Penulis: Siti Yuliana | Editor: Rudy Hartono
Beberapa kader yang resmi akan maju dalam Pilwali di antaranya M.Anton atau abah Anton (Bendahara PCNU), H.Yunar Said (Wakil Bendahara PCNU) dan M.Nuruddin atau Gus Udin (anak pendiri kampus NU Unisma).
Abah Anton diusung DPC Gerindra berpasangan dengan Sutiaji dari PKB. Sementara Yunar mendampingi Mujais yang akan maju dari jalur perorangan dari GPK Gardu Prabowo. Sedangkan Gus Udin mendampingi Dwi Cahyono yang juga maju dari jalur perorangan.
Menanggapi perpecahan kader, ketua PCNU Kota Malang KH.Marzuki Mustamar dengan datar mengatakan tidak mempermasalah hal itu. Dia katakan setiap kader memiliki hak untuk terjun dalam politik. "Tetapi sampai saat ini kami masih netral, belum mendukung siapa-siapa," katanya.

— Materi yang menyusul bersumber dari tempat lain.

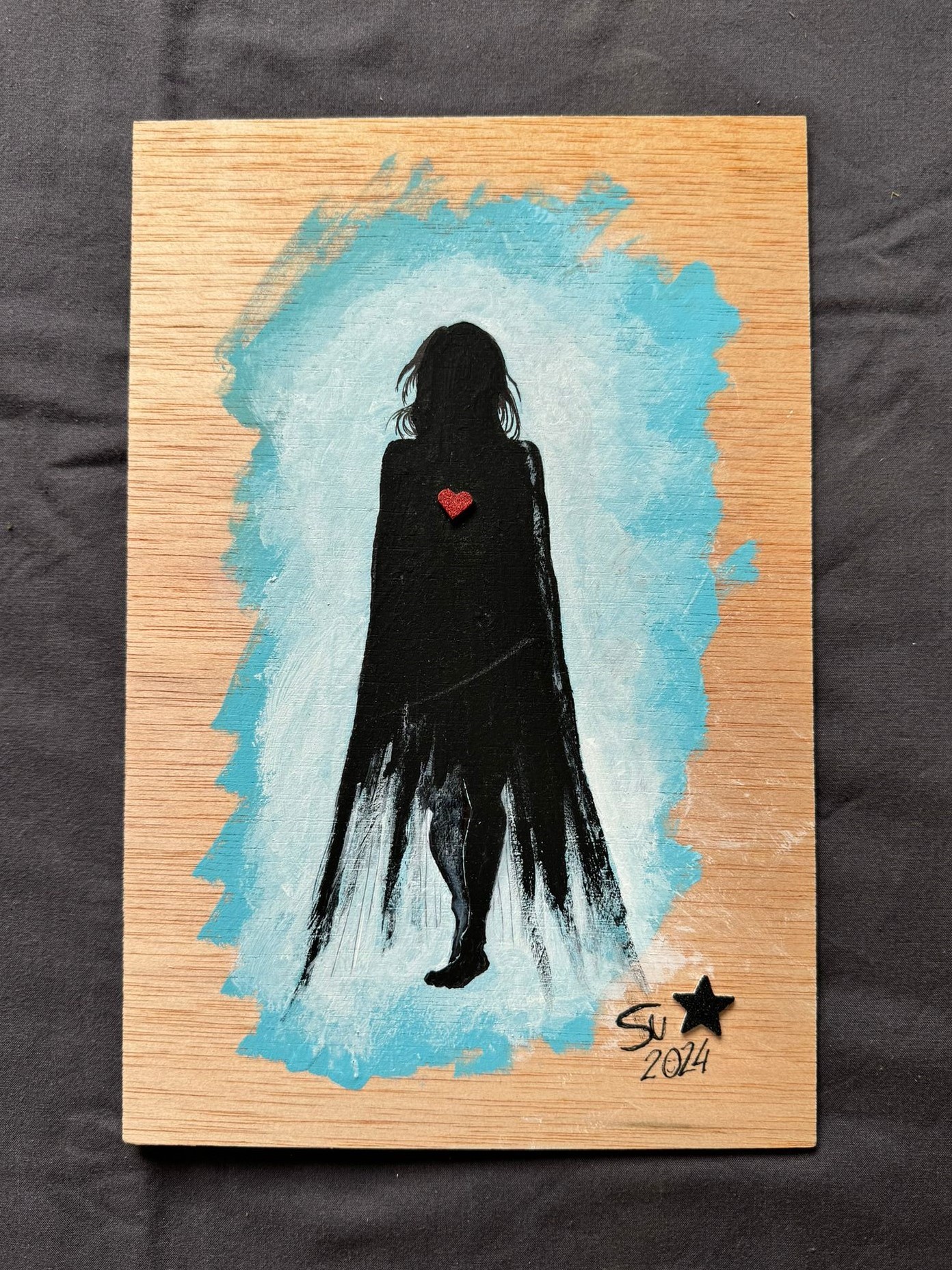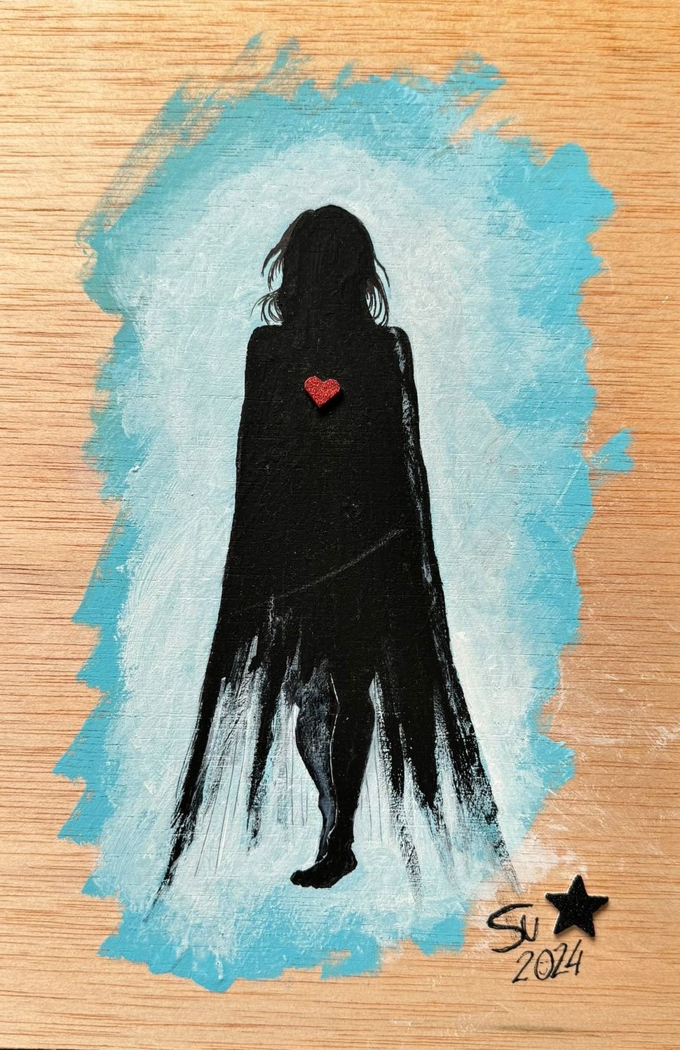 Las sombras no siempre son oscuras, a veces también son protectoras. Esta figura femenina, envuelta en sombras pero con un corazón que brilla, es un símbolo de resiliencia. En los momentos más difíciles, es cuando más brillamos, cuando más nos encontramos con nuestra propia luz interior.

Untuk memutuskan kader mana yang akan didukung PCNU, pihaknya akan melakukan koordinasi terlebih dahulu. Tentunya dengan mempertimbangkan visi misi yang akan diusung masing-masing calon. "Rapat itu akan kami lakukan menjelang hari 'H'," ujarnya.
Dia juga menampik isu yang menyatakan dirinya mendukung Abah Anton-Sutiaji. Menurutnya pertemuan para kiai dengan Abah Anton-Sutiaji pada Desember lalu di Ponpes Sabilur Rosyad belum menjadi pernyataan dukungan.
"Tempatnya digunakan untuk pertemuan. Saya juga diisukan diberi sebuah mobil oleh Abah Anton, tetapi itu tidak benar. Mobil itu saya kredit," bebernya.
Sementara itu, Ketua DPC Gerindra yang mengusung abah Anton-Sutiaji, Widya Farid Iskandar akan berusaha mendekati kader NU untuk menyatukan suara. "Masih ada kemungkinan itu. Kami akan berusaha merangkul Gardu Prabowo dan lainya untuk bersatu," katanya.
Secara struktural, jelas Farid, Gardu Prabowo bukan merupakan sayap Gerindra, melainkan ormas pecinta Prabowo. Sehingga tidak ada ikatan khusus dengan DPC Gerindra. "Tetapi kami akan upayakan itu," tukasnya.